**Task statement**:
Down to the last line, set down the material below exactly, excluding pictures.

**Raw data**:

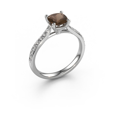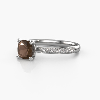 La bague de fiançailles mentionnée ci-dessus a été nommée Mignon cus 2. Ce type de bague de fiançailles est appelé une bague de fiançailles solitaire pavé car elle ne comporte qu’une seule pierre centrale et les tiges de la bague de fiançailles sont également pleins. La bague de fiançailles est faite dans une combinaison d'or et d’platine et a un quartz fumé coussin d’une de 6 mm, et des diamants synthétiques sont sertis sur les épaules de l’anneau. Chaque bijou est faite avec passion et amour par l'un de nos maîtres orfèvres. Cette bague de fiançailles solitaire pavé forgée en platine exclusives a un beau quartz fumé coussin comme pierre centrale, avec plus de quartz fumé sertis dans la bague pour accentuer encore plus la présence de la pierre centrale. Le sertissage à griffes autour du quartz fumé étant ouvert, le quartz fumé capte la lumière de tous les côtés et brille de manière optimale. Ci-dessus, vous pouvez voir comment notre orfèvre travaille la bague de fiançailles avec une extrême précision dans les moindres détails, de telle sorte que le quartz fumé élevé puisse attirer tous les regards. Quelle belle bague de fiançailles à offrir lors de votre demande en mariage à l'amour de votre vie, à votre centre rayonnant ! Nos orfèvres ne fabriqueront votre bague de fiançailles qu'une fois que vous l'aurez commandée. Nous ne faisons pas de stock. L'avantage de cela est que nous n'avons pas à inclure les frais de stockage dans nos prix, et nous pouvons donc vous offrir des bijoux à un prix très bas.Notre équipe ajoute quotidiennement de nouveaux modèles à notre collection en ligne. Nos designers et orfèvres travaillent ensemble pour créer le meilleur design. Nous nous efforçons d'offrir une collection diversifiée de bijoux. Peut-être avez-vous déjà en tête un bijou en particulier ? Un bijou que vous avez trouvé quelque part. Veuillez nous contacter pour une consultation gratuite. Nous vous ferons une offre, basée sur un rapport qualité / prix juste, qui vous déconcertera.Pour vous faciliter la tâche, vous pouvez facilement nous retourner tout bijou commandé dans les 30 jours suivant la livraison.
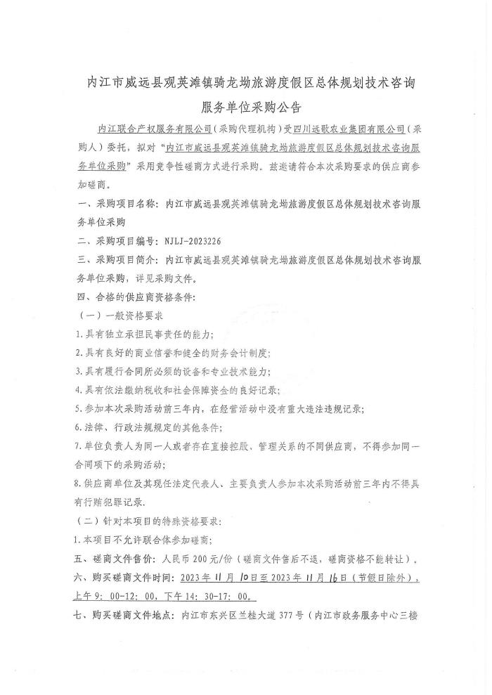 內(nèi)江市威遠縣觀英灘鎮(zhèn)騎龍坳旅游度假區(qū)總體規(guī)劃技術咨詢服務單位采購公告
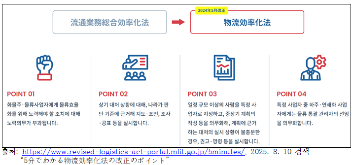 ³ëµ¿¹æ½Ä °³Çõ °ü·Ã¹ý¿¡¼´Â ½Ã°£è⠳뵿ÀÇ »óÇÑÀº ¿øÄ¢ÀûÀ¸·Î ¿ù 45½Ã°£, ¿¬ 360½Ã°£À¸·Î Á¦ÇѵǸç, ³ë»ç°£¿¡ ¡®36ÇùÁ¤¡¯1)À» ¸Î¾îµµ ½Ã°£¿Ü ³ëµ¿Àº ¿¬ 720½Ã°£À¸·Î Á¦ÇѵȴÙ. ÀÏÇÏ´Â ¹æ½Ä °³Çõ °ü·Ã¹ýÀº ´ë±â¾÷¿¡¼´Â 2019³â 4¿ùºÎÅÍ Áß¼Ò±â¾÷¿¡¼´Â 2020³â 4¿ùºÎÅÍ ½ÃÇàµÇ°í ÀÖ´Ù. *¡¸¹°·ùÀÇ 2024³â ¹®Á¦¡¹¿¡ ´ëÇÑ ¼¼ºÎÀûÀÎ ³»¿ë°ú ¿µÇâ, ÀϺ» Á¤ºÎ ¹× ±â¾÷ Â÷¿øÀÇ ´Ù¾çÇÑ ´ëÀÀ ¹æ¾È µî¿¡ ´ëÇØ¼´Â ±â ¿¬ÀçµÈ 2023³â 10~11¿ùÈ£ ¹× 2024³â 4~5¿ùÈ£ ÂüÁ¶ ¡á ¹°·ù 2026³â ¹®Á¦¶õ? ¡¸¹°·ù 2026³â ¹®Á¦¡¹¶õ 2026³â 4¿ù¿¡ ½ÃÇàµÇ´Â °³Á¤ ¡¸¹°·ù üùëÒûùÛö¡¹¿¡ ÀÇÇØ ÀÏÁ¤ ±Ô¸ð ÀÌ»óÀÇ ÈÁÖ ±â¾÷¿¡ ¹°·ù È¿À²ÈÀÇ Àǹ«°¡ ºÎ°úµÇ´Â ¹®Á¦ÀÌ´Ù. ÀÌ ¹ý °³Á¤Àº ½É°¢¼ºÀ» ´õÇØ°¡´Â µå¶óÀ̹ö ºÎÁ·À̳ª °ø±ÞüÀÎ ÀüüÀÇ Áö¼Ó °¡´É¼ºÀ» È®º¸Çϱâ À§ÇØ µµÀԵǴ Á¦µµÀÌ´Ù. 2026³â 4¿ù°æ ½ÃÇàÀÌ ¿¹Á¤µÇ¾î ÀÖ´Â ¡¸ÚªíÀªÎ×µ÷תÎ効áãûùªË関ª¹ªëÛö×È¡¹£¨ì¤ù»¡¢ãæÚª効Ûö)ÀÌ ÀϺ»ÀÇ Á¦Á¶ ¹× ¹°·ù¾÷°è¸¦ Èçµé°í ÀÖ´Ù. ÀÌ ¹ý ½ÃÇà 1³â Èĸ¦ ¸ñÇ¥·Î ¡®Æ¯Á¤ »ç¾÷ÀÚ¡¯ ¾à 3,200°³»ç¿¡ ´ëÇØ ¹°·ù È¿À²È¿¡ ´ëÇÑ ´ëó³ª ±× °á°úÀÇ Á¤±â º¸°í°¡ Àǹ«ÈµÇ±â ¶§¹®ÀÌ´Ù. ±¹°¡°¡ ³ªÅ¸³»´Â ÆÇ´Ü±âÁØÀ» À§¹ÝÇÏ¿© ¡®±Ç°í¡¯¸¦ ¹ÞÀº °æ¿ì À§¹ÝÇÑ »ç¾÷ÀÚ´Â ½Ç¸íÀ» °øÇ¥ÇÑ´Ù.

**Response to this exercise**:
 La bague de fiançailles mentionnée ci-dessus a été nommée Mignon cus 2. Ce type de bague de fiançailles est appelé une bague de fiançailles solitaire pavé car elle ne comporte qu’une seule pierre centrale et les tiges de la bague de fiançailles sont également pleins. La bague de fiançailles est faite dans une combinaison d'or et d’platine et a un quartz fumé coussin d’une de 6 mm, et des diamants synthétiques sont sertis sur les épaules de l’anneau. Chaque bijou est faite avec passion et amour par l'un de nos maîtres orfèvres. Cette bague de fiançailles solitaire pavé forgée en platine exclusives a un beau quartz fumé coussin comme pierre centrale, avec plus de quartz fumé sertis dans la bague pour accentuer encore plus la présence de la pierre centrale. Le sertissage à griffes autour du quartz fumé étant ouvert, le quartz fumé capte la lumière de tous les côtés et brille de manière optimale. Ci-dessus, vous pouvez voir comment notre orfèvre travaille la bague de fiançailles avec une extrême précision dans les moindres détails, de telle sorte que le quartz fumé élevé puisse attirer tous les regards. Quelle belle bague de fiançailles à offrir lors de votre demande en mariage à l'amour de votre vie, à votre centre rayonnant ! Nos orfèvres ne fabriqueront votre bague de fiançailles qu'une fois que vous l'aurez commandée. Nous ne faisons pas de stock. L'avantage de cela est que nous n'avons pas à inclure les frais de stockage dans nos prix, et nous pouvons donc vous offrir des bijoux à un prix très bas.Notre équipe ajoute quotidiennement de nouveaux modèles à notre collection en ligne. Nos designers et orfèvres travaillent ensemble pour créer le meilleur design. Nous nous efforçons d'offrir une collection diversifiée de bijoux. Peut-être avez-vous déjà en tête un bijou en particulier ? Un bijou que vous avez trouvé quelque part. Veuillez nous contacter pour une consultation gratuite. Nous vous ferons une offre, basée sur un rapport qualité / prix juste, qui vous déconcertera.Pour vous faciliter la tâche, vous pouvez facilement nous retourner tout bijou commandé dans les 30 jours suivant la livraison.
 內(nèi)江市威遠縣觀英灘鎮(zhèn)騎龍坳旅游度假區(qū)總體規(guī)劃技術咨詢服務單位采購公告
 ³ëµ¿¹æ½Ä °³Çõ °ü·Ã¹ý¿¡¼´Â ½Ã°£è⠳뵿ÀÇ »óÇÑÀº ¿øÄ¢ÀûÀ¸·Î ¿ù 45½Ã°£, ¿¬ 360½Ã°£À¸·Î Á¦ÇѵǸç, ³ë»ç°£¿¡ ¡®36ÇùÁ¤¡¯1)À» ¸Î¾îµµ ½Ã°£¿Ü ³ëµ¿Àº ¿¬ 720½Ã°£À¸·Î Á¦ÇѵȴÙ. ÀÏÇÏ´Â ¹æ½Ä °³Çõ °ü·Ã¹ýÀº ´ë±â¾÷¿¡¼´Â 2019³â 4¿ùºÎÅÍ Áß¼Ò±â¾÷¿¡¼´Â 2020³â 4¿ùºÎÅÍ ½ÃÇàµÇ°í ÀÖ´Ù. *¡¸¹°·ùÀÇ 2024³â ¹®Á¦¡¹¿¡ ´ëÇÑ ¼¼ºÎÀûÀÎ ³»¿ë°ú ¿µÇâ, ÀϺ» Á¤ºÎ ¹× ±â¾÷ Â÷¿øÀÇ ´Ù¾çÇÑ ´ëÀÀ ¹æ¾È µî¿¡ ´ëÇØ¼´Â ±â ¿¬ÀçµÈ 2023³â 10~11¿ùÈ£ ¹× 2024³â 4~5¿ùÈ£ ÂüÁ¶ ¡á ¹°·ù 2026³â ¹®Á¦¶õ? ¡¸¹°·ù 2026³â ¹®Á¦¡¹¶õ 2026³â 4¿ù¿¡ ½ÃÇàµÇ´Â °³Á¤ ¡¸¹°·ù üùëÒûùÛö¡¹¿¡ ÀÇÇØ ÀÏÁ¤ ±Ô¸ð ÀÌ»óÀÇ ÈÁÖ ±â¾÷¿¡ ¹°·ù È¿À²ÈÀÇ Àǹ«°¡ ºÎ°úµÇ´Â ¹®Á¦ÀÌ´Ù. ÀÌ ¹ý °³Á¤Àº ½É°¢¼ºÀ» ´õÇØ°¡´Â µå¶óÀ̹ö ºÎÁ·À̳ª °ø±ÞüÀÎ ÀüüÀÇ Áö¼Ó °¡´É¼ºÀ» È®º¸Çϱâ À§ÇØ µµÀԵǴ Á¦µµÀÌ´Ù. 2026³â 4¿ù°æ ½ÃÇàÀÌ ¿¹Á¤µÇ¾î ÀÖ´Â ¡¸ÚªíÀªÎ×µ÷תÎ効áãûùªË関ª¹ªëÛö×È¡¹£¨ì¤ù»¡¢ãæÚª効Ûö)ÀÌ ÀϺ»ÀÇ Á¦Á¶ ¹× ¹°·ù¾÷°è¸¦ Èçµé°í ÀÖ´Ù. ÀÌ ¹ý ½ÃÇà 1³â Èĸ¦ ¸ñÇ¥·Î ¡®Æ¯Á¤ »ç¾÷ÀÚ¡¯ ¾à 3,200°³»ç¿¡ ´ëÇØ ¹°·ù È¿À²È¿¡ ´ëÇÑ ´ëó³ª ±× °á°úÀÇ Á¤±â º¸°í°¡ Àǹ«ÈµÇ±â ¶§¹®ÀÌ´Ù. ±¹°¡°¡ ³ªÅ¸³»´Â ÆÇ´Ü±âÁØÀ» À§¹ÝÇÏ¿© ¡®±Ç°í¡¯¸¦ ¹ÞÀº °æ¿ì À§¹ÝÇÑ »ç¾÷ÀÚ´Â ½Ç¸íÀ» °øÇ¥ÇÑ´Ù.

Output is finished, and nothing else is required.